Следователь представился и извинился, что вынужден допрашивать такого несомненного и к тому же раненого героя. Какие нежности! Даже неловко как-то. Ты спрашивай. Легенду свою я хорошо обмозговал еще до прихода в отряд и регулярно прокручивал в голове, чтобы в случае чего не сбиться. Ловят проще всего на несовпадениях и деталях. Потому — как можно меньше мелких подробностей. Товарищ Тулянцев — он так представился, — несмотря на довольно жалобный вид, дело свое знал, я и не заметил, как рассказал ему свою историю три раза. От начала до конца, потом от конца до начала, а потом вразброс. Про обстоятельства перехода через линию фронта врать почти не пришлось. Ну, про то, что никто меня не посылал, а я сам выбрал такой путь движения по жизни, я ему открываться не стал. Он записывает, записывает, уже сегодня вечером шифрованный запрос уйдет в штаб армии-дивизии на предмет установления личности. Наверняка у них есть надежные каналы. А что им ответят? Что такой-то действительно пропал без вести во время такого-то разведвыхода. Можно было, конечно, выбрать другую линию: я в плену с сорок первого, все на лесном хуторе скрывался. Но этот план плохой: три года лесной жизни отложили бы отпечаток на личности. А без вести есть без вести. Это и отсутствие документов объясняет.

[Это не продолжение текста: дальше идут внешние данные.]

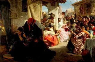 《吉普赛人和女孩》,吉普赛人的占卜和看相算命是一流的,据说她们的预言都很准!其实算命就是要在最短的时间里识人,通过对方提供的各种信息,还有岁月在对方身上留下的手相和面相等特征,然后察言观色,最终判断她们的性格命运等!这也需要一种智慧!
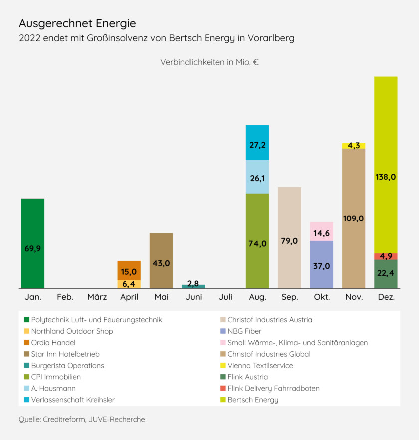 Während es in der ersten Jahreshälfte noch ruhig blieb, häuften sich ab August größere Insolvenzen. In der Übersicht Ausgerechnet Energie nicht erfasst ist allerdings die CPI-Gruppe, die aus verschiedenen insolventen Gesellschaften besteht und deren kumulierte Passiva sich auf rund 290 Millionen Euro beziffern.
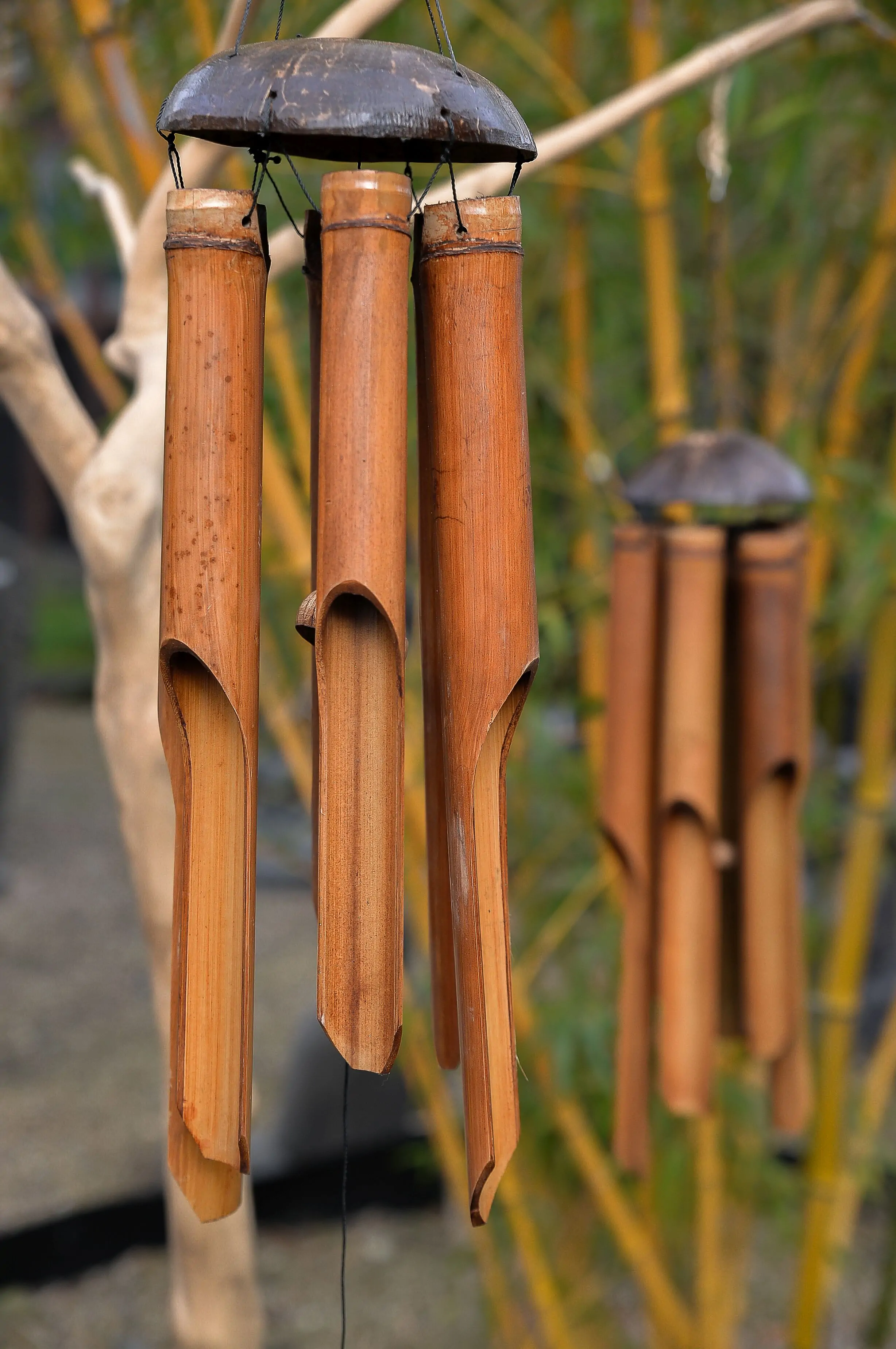 A unique wind chime "Bali", the length is 50 cm. It is made of bamboo and coconut. Natural bamboo wind chime Bamboo wind chime is ideal for balcony, garden, terrace and for indoor use. Each soundplay is a handmade unique piece made of high-quality dried bamboo. The particularly beautiful and calming sounds are produced by light wind.As these are natural materials, slight deviations are possible! As these are natural materials, slight deviations are possible!
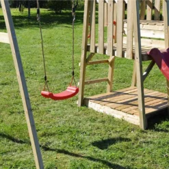 Cette cabane pour enfant est fabriquée en bois brut. Vous pouvez y appliquer un traitement fongicide et insecticide pour lui apporter une bonne protection contre les intempéries et l’humidité, mais également contre la moisissure et les insectes qui pourraient dégrader sa condition. Le bois utilisé pour sa conception est certifié FSC, ce qui signifie qu’il provient de forêts gérées dans le respect de l’environnement.
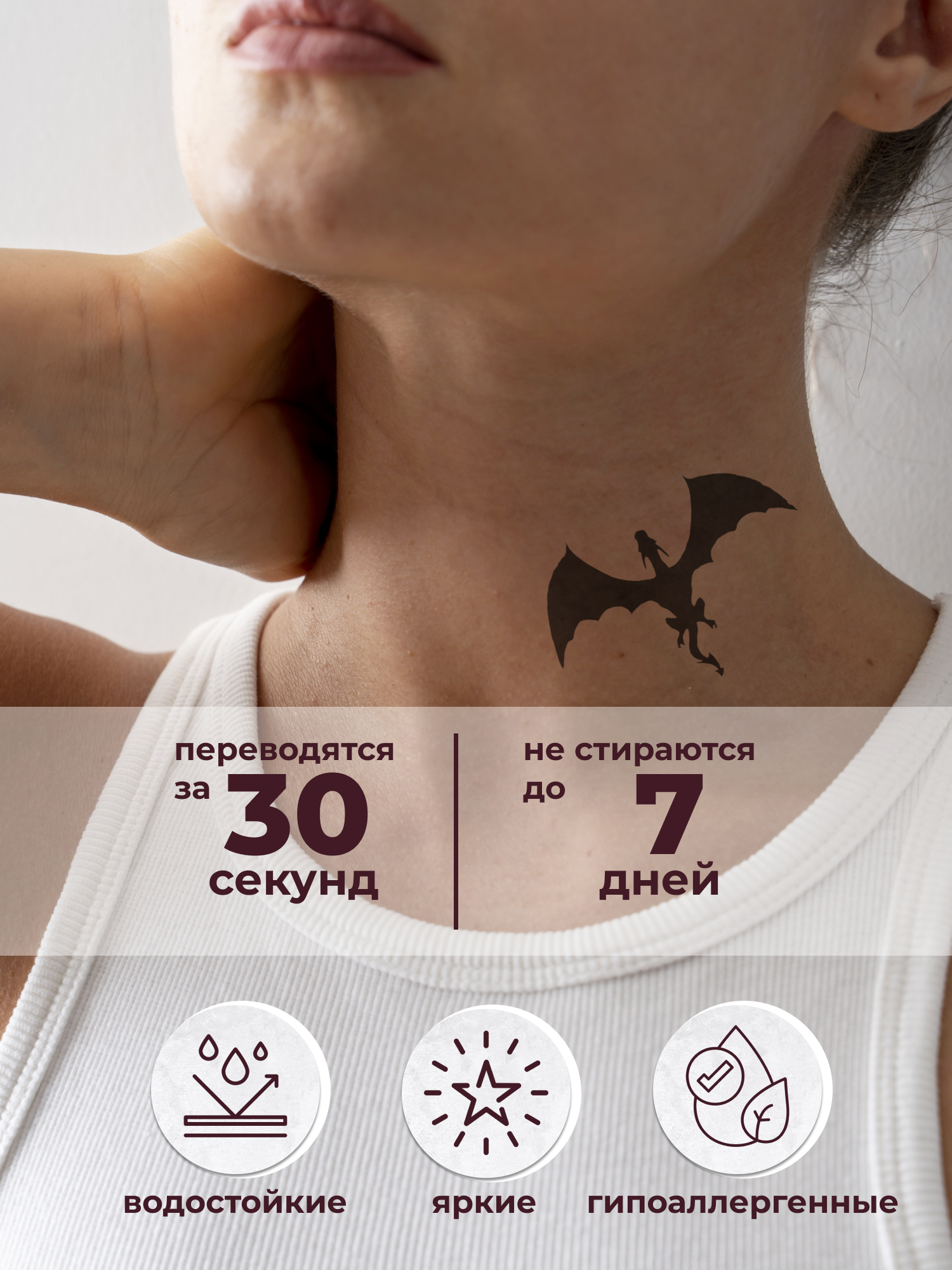 Татуировка держится от 1 до 7 дней, не боится воды, не раздражает кожу.
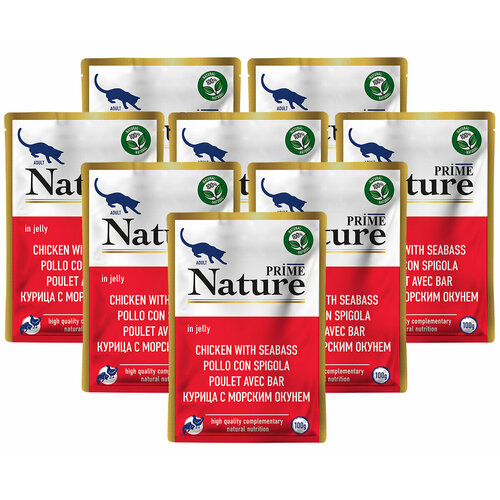 PRIME NATURE CHICKEN & SEABASS для взрослых кошек с курицей и морским окунем в желе пауч 100 гр NEW 100 гр х 8 шт
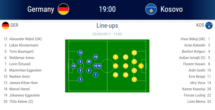 - Formacionet zyrtare të Gjermanisë U-21 kundër Kosovës U-21
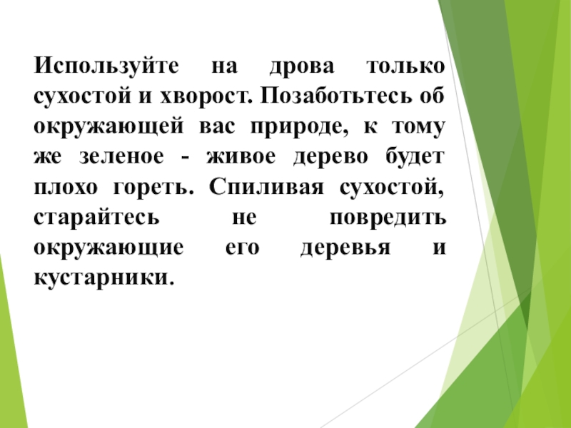 Слайд 17Используйте на дрова только сухостой и хворост. Позаботьтесь об окружающей вас
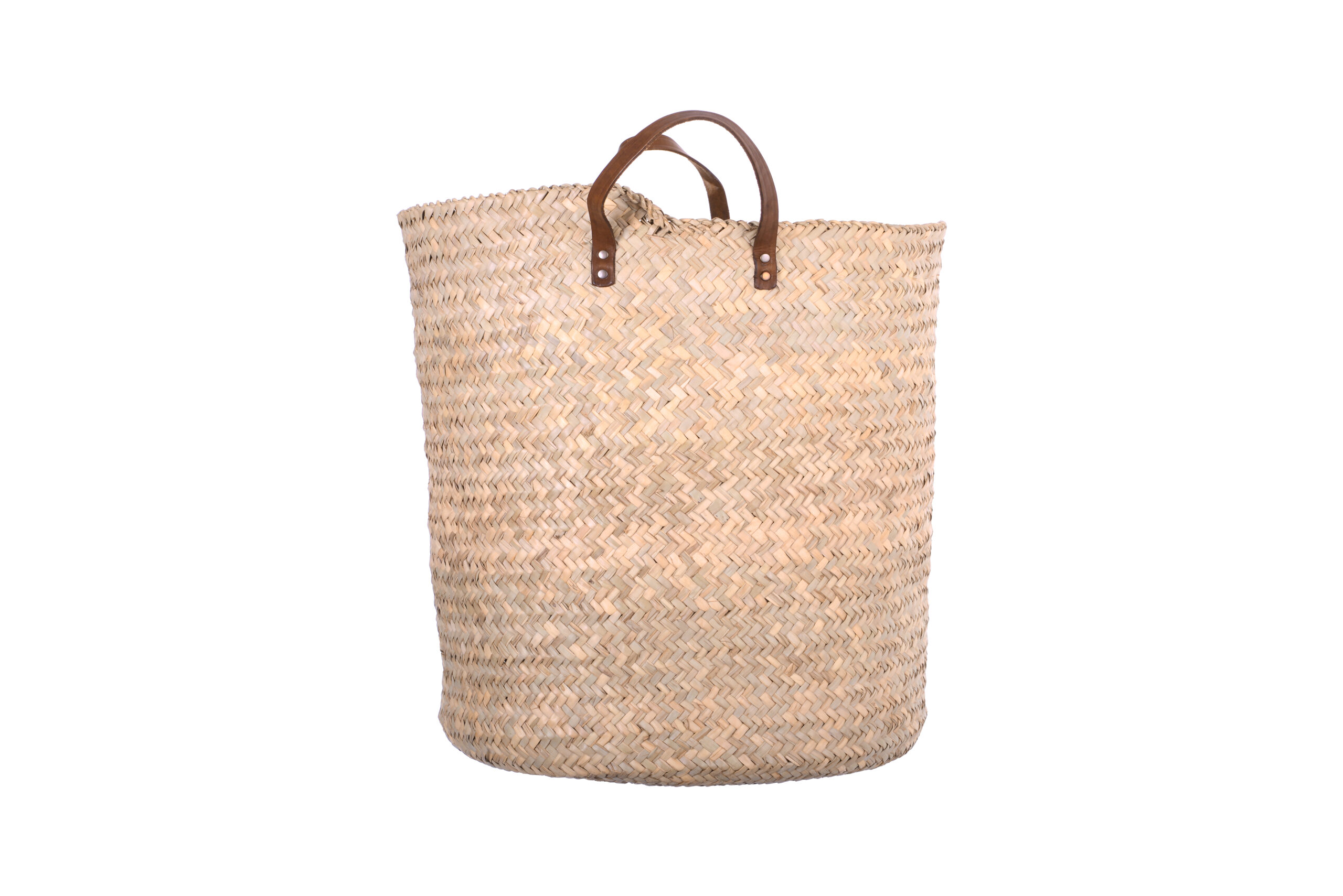CESTO DE PALMA RÚSTICO MEDIANO, CON ASAS DE CUERO. (40CM X 42CM) HECHA A MANO.
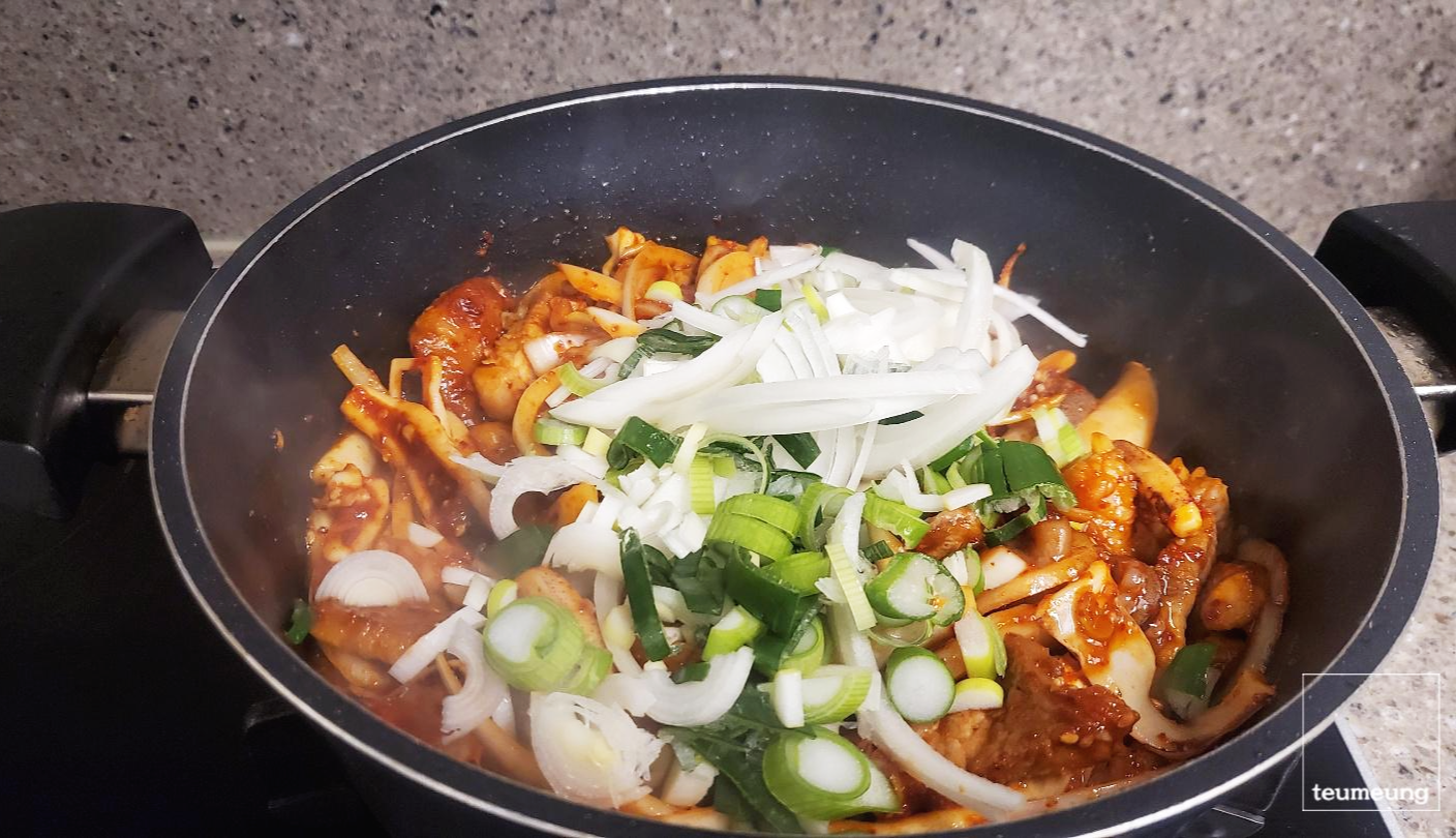 볶아주다 덜 넣은 양파와 파도 추가로 넣어줍니다~!

Шукеть каждый мой ответ подвергает скептическому обкхекиванью. Коротко так, противно кашляет, что бы я ни сказал. Надеюсь, это начальная стадия хорошего туберкулеза. В третий раз рассказываю про разведвыход, как проволоки кусали да как ползли, а он все «кхе» да «кхе»! Подозрительность не есть вид ума, как кажется ему. Хорошо, что Бобрин над ним начальник по штабу, а то Шукеть засушил бы всю работу скукой и прищуром своим. Война, особенно партизанская, дело, помимо всего прочего, творческое, счетоводы вредны.